This was certainly nothing new -- if you watch trailers of movies going back as far as the 1940's, you'll see that many of them similarly wax ecstatic, using such euphoric phrases as:
- Like nothing you've ever seen before!
- You won't believe your eyes!
- A new triumph in cinematic entertainment!
- The greatest event since the invention of fire!
- More exciting than the resurrection of the dead!
- This film has magical powers to cure cancer!
Okay, maybe not that euphoric.

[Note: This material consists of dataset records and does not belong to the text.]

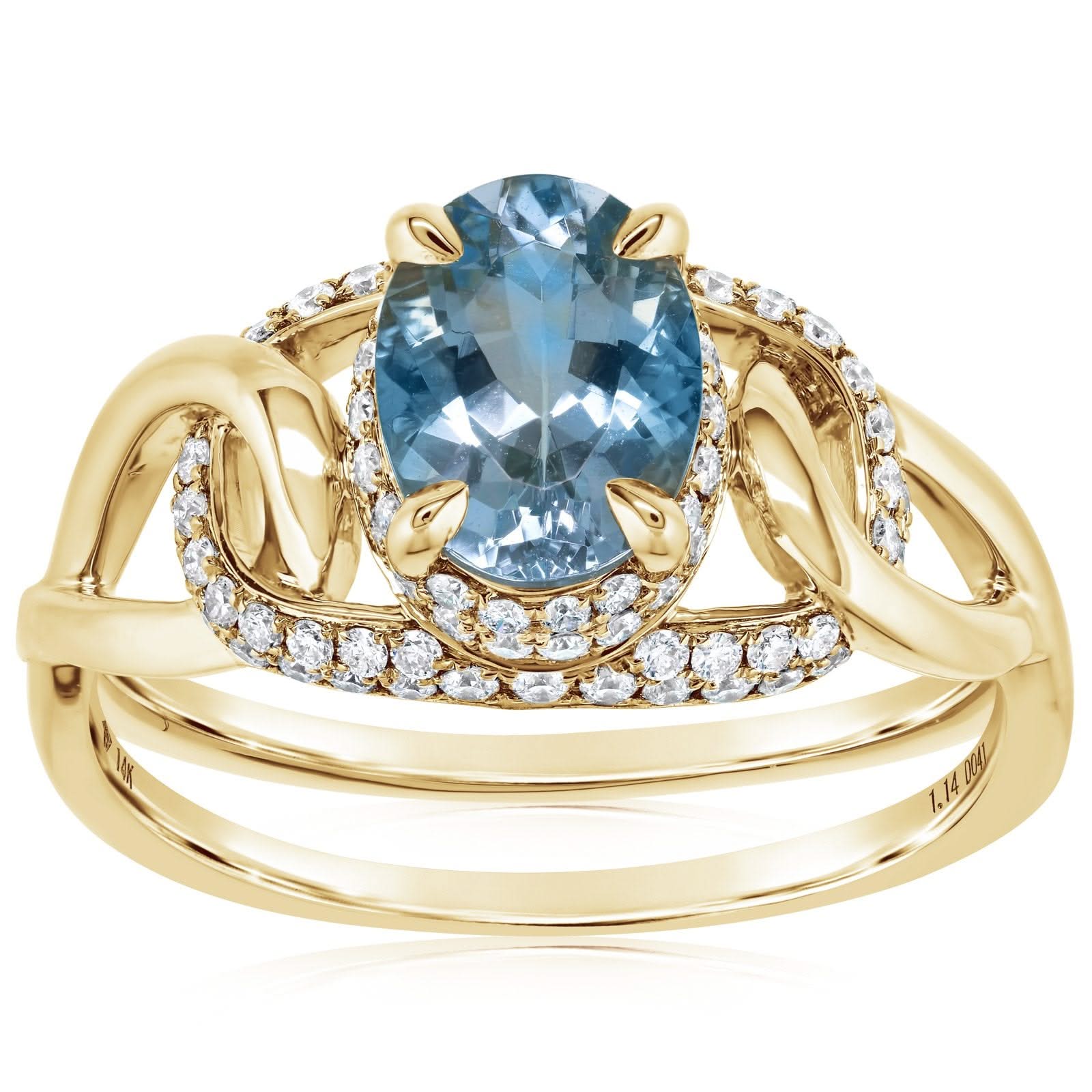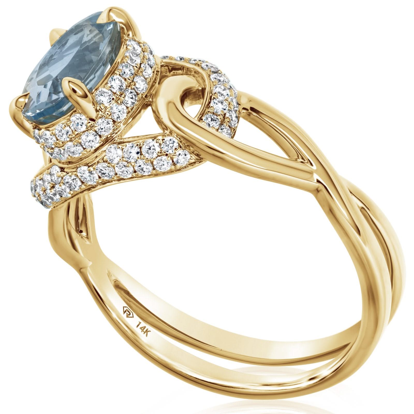 14K yellow gold aquamarine and diamond ring from the Reis-Nichols Collection The ring features one oval aquamarine weighing 1.14 ctw and round brilliant cut diamonds weighing .41 ctw. Size 7 in stock now. Special order sizing available. Pricing may vary with size.
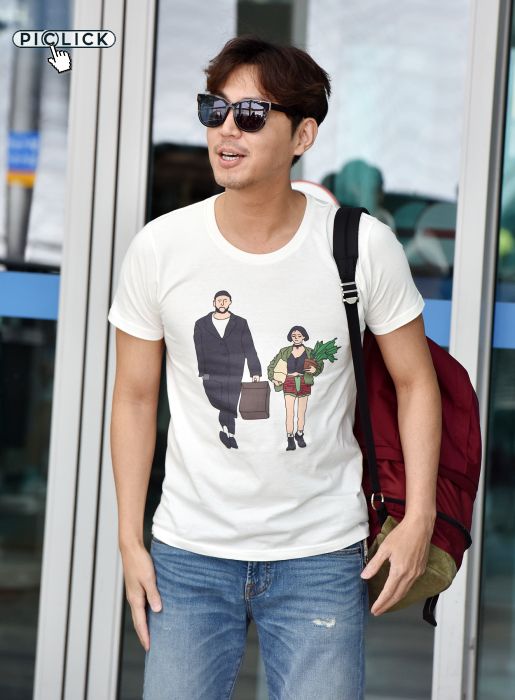 [포토] 최원영 '레옹 마틸다, 시선 강탈 티셔츠 그림' (공항패션)
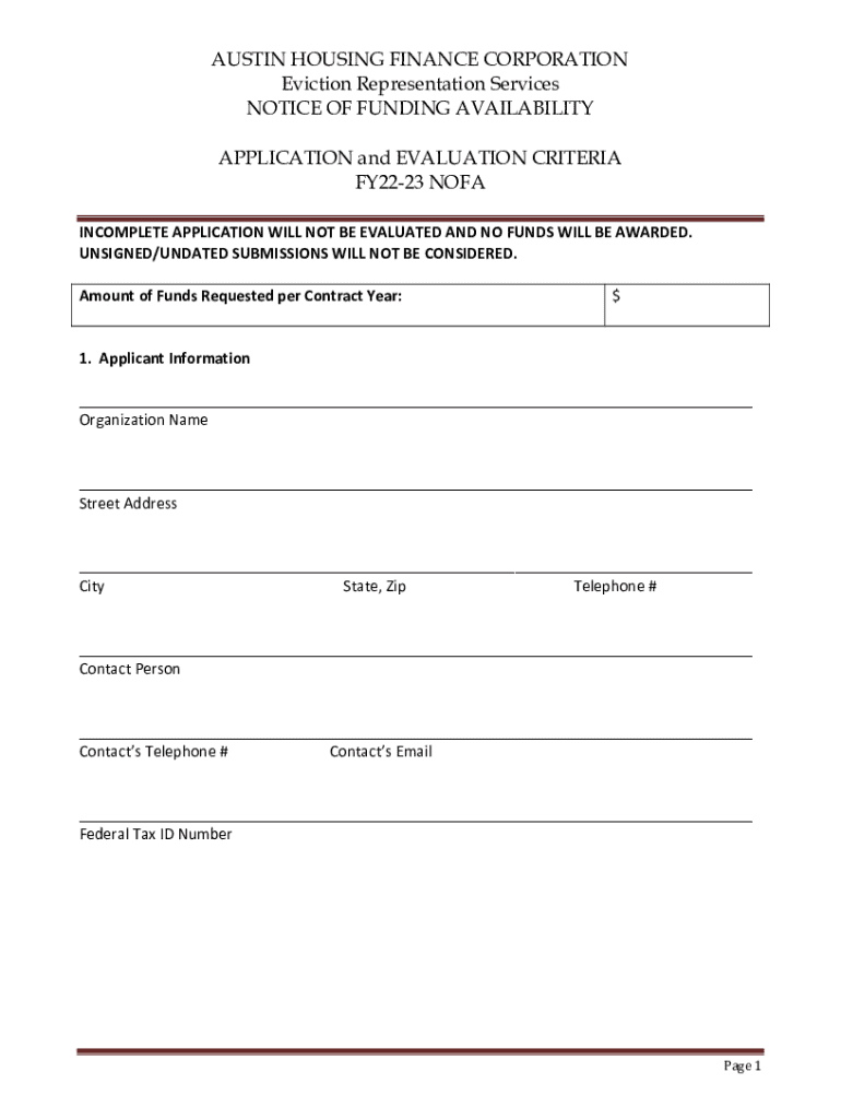 Get the free Notice of Funding Availability
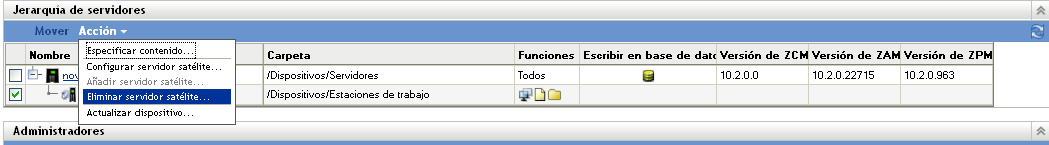 Es posible eliminar un satélite de la jerarquía de servidores cuando ya no se necesite para realizar funciones de satélite. El objeto del dispositivo no se elimina de ZENworks, simplemente se elimina de la lista Jerarquía de servidores. Sin embargo, quitar un satélite de la lista de jerarquía no provoca que el contenido, la generación de imágenes o la información de transferencia ascendente de recopilación se eliminen del dispositivo.
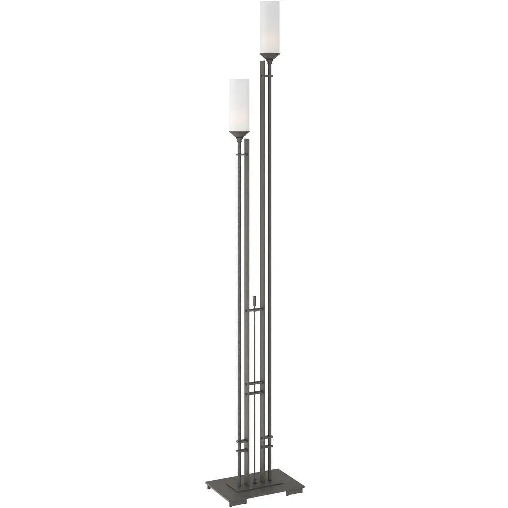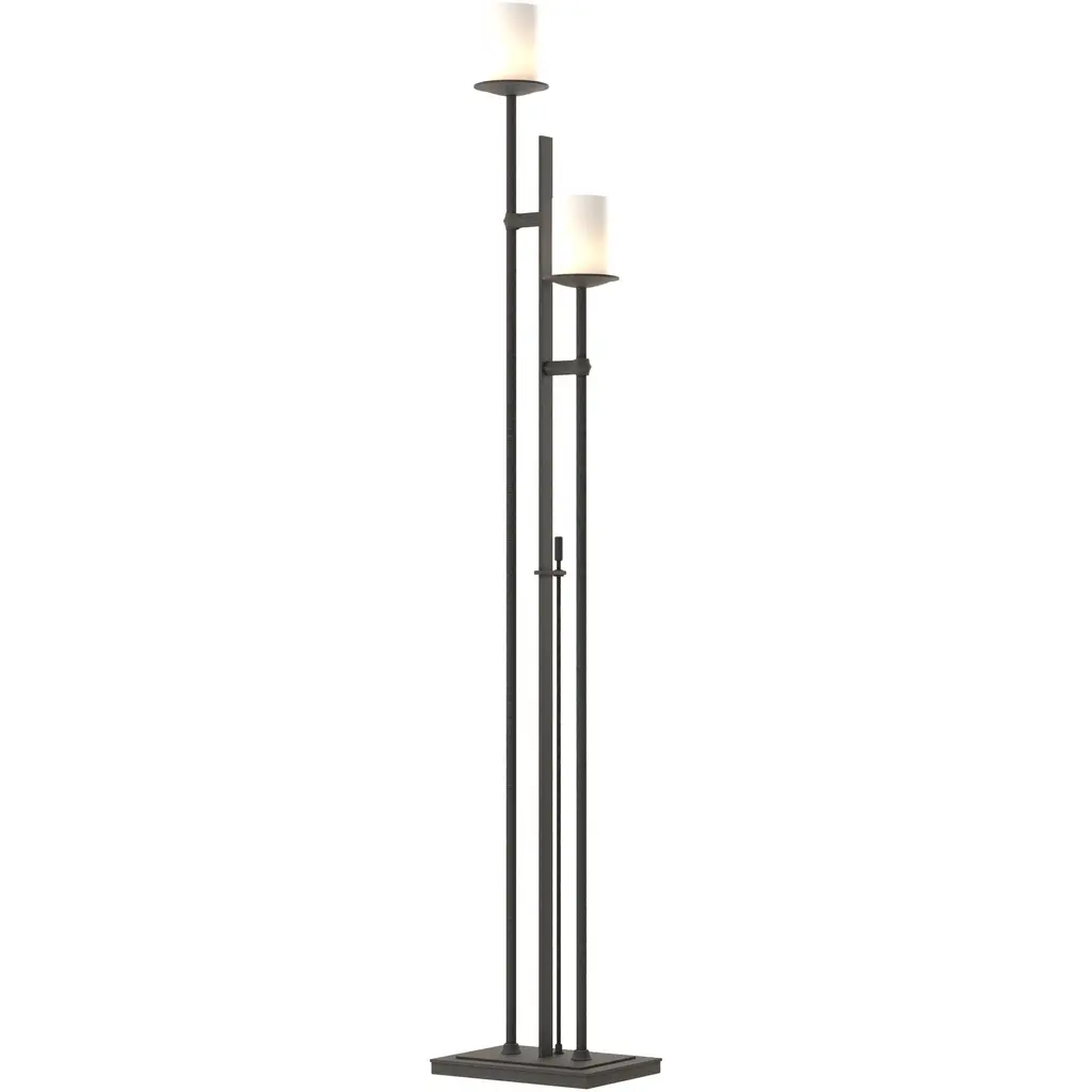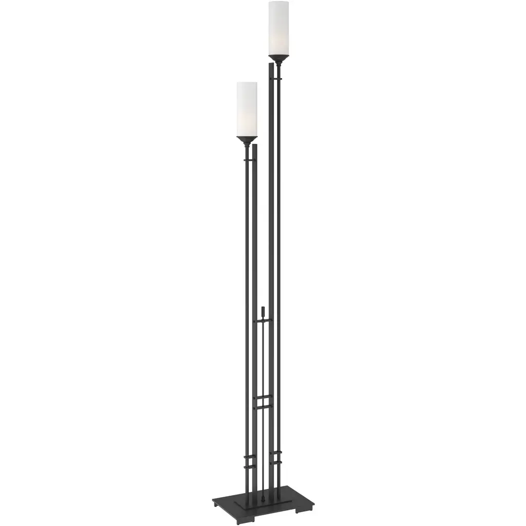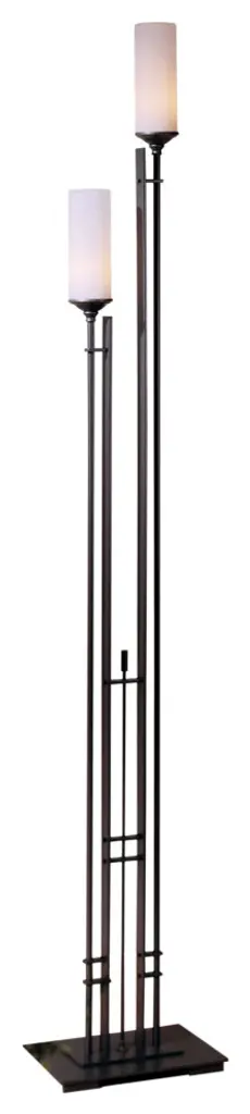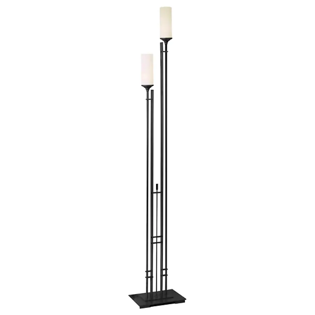 Double down on elegant style and sturdy construction. The Metra Twin Tall Floor Lamp by Hubbardton Forge creates inviting illumination while adding an elegant design element with the organic appeal of handcrafting. The piece features 2 stems of differing heights, each fashioned from Hand Forged Wrought Iron and extending from a wide rectangular canopy for a stable foundation. At the top of each frame rests a cylindrical shade in Hand Blown Glass, diffusing the fixture’s light warmly across the room.
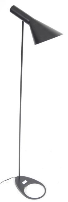 After Arne Jacobsen - A contemporary AJ type floor standing standard lamp. The lamp having an adjustable conical shaped shade on a straight support raised on a shaped base with large hole to foot all being finished with a black coating. Measures; 130cm tall
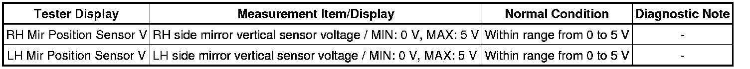(a) Check the Data List for proper functioning of the mirror position sensor Scan Tool Testing and Procedures.
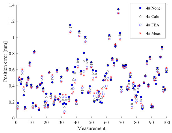 To facilitate a better comparison of the different compensation methods, we analysed the positioning error distribution obtained by 1# and 4# using different methods (Figure 10 and Figure 11). The results indicate that the error distributions obtained by different methods are very similar since these compensation methods only adjust the measurement coordinates slightly without significantly affecting the overall measurements. Moreover, the primary effect of deformation compensation is to reduce the error of large error points and make the error distribution more uniform. In the case of stainless-steel measuring rods, the results of Meas are comparable to those of FEA since their actual stiffness is close to the simulated stiffness (the rod correction factors are close to one). For carbon fibre measuring rods with a correction factor exceeding 1.2, in most cases, Meas is slightly better than FEA.
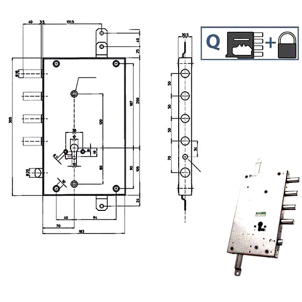Serratura cilindro europeo a planare triplice Fori protettore mm 38 Chiusura frizionata tramite pomolo Catenacci laterali 4 pistoni e scrocco Scatolamm 185x305x32 – Entrata mm 70 Cilindro non incluso Modello SERRABLINDA
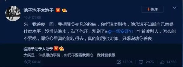 后有池子精准定位,不仅在节目上频频吐槽新生代老炮,又微博上怒怼梅格妮刷榜。(详情回顾:这位勇士,说出了路人一直不敢说的话)
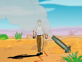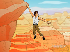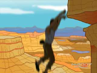 Although inspired in part by the eight minutes sequence performed by actor Tom Cruise in Mission Impossible II, you will have to create from scratch all of the scenes so that the entire sequence lasts no more than 35 seconds. Each animation level will have shadows and the extensive shots of the Grand Canyons, inspired by old Road Runner cartoons.

But certainly the advertisers were literally going overboard (ha! of course, not literally!) to rope in their potential audience.
This advertising gimmick reminds me of one of my high school teachers, a then-young Rabbi whom my classmates and I all liked. I even know his age at the time he taught us, for he informed us one day that he was 37, and the thought that I would ever reach that age myself seemed unimaginable.
Unfortunately, our interest in the subject matter did not match our affection for our teacher. One day, as he, as usual, struggled in vain to capture our attention, in what on hindsight seems clearly an act of wild desperation, he suddenly proclaimed in a loud, ringing voice:
If you should learn nothing else this year, you should at least learn this!That did it. We were riveted. We hung onto every word that escaped his lips. And, to a certain extent, the effect lasted for the rest of the class.
But not past that. By next class, we were back to our usual inattentive mode. Suddenly, the Rabbi proclaimed in a loud, ringing voice:
If you should learn nothing else this year, you should at least learn this!Sorry, Rabbi. It works only once.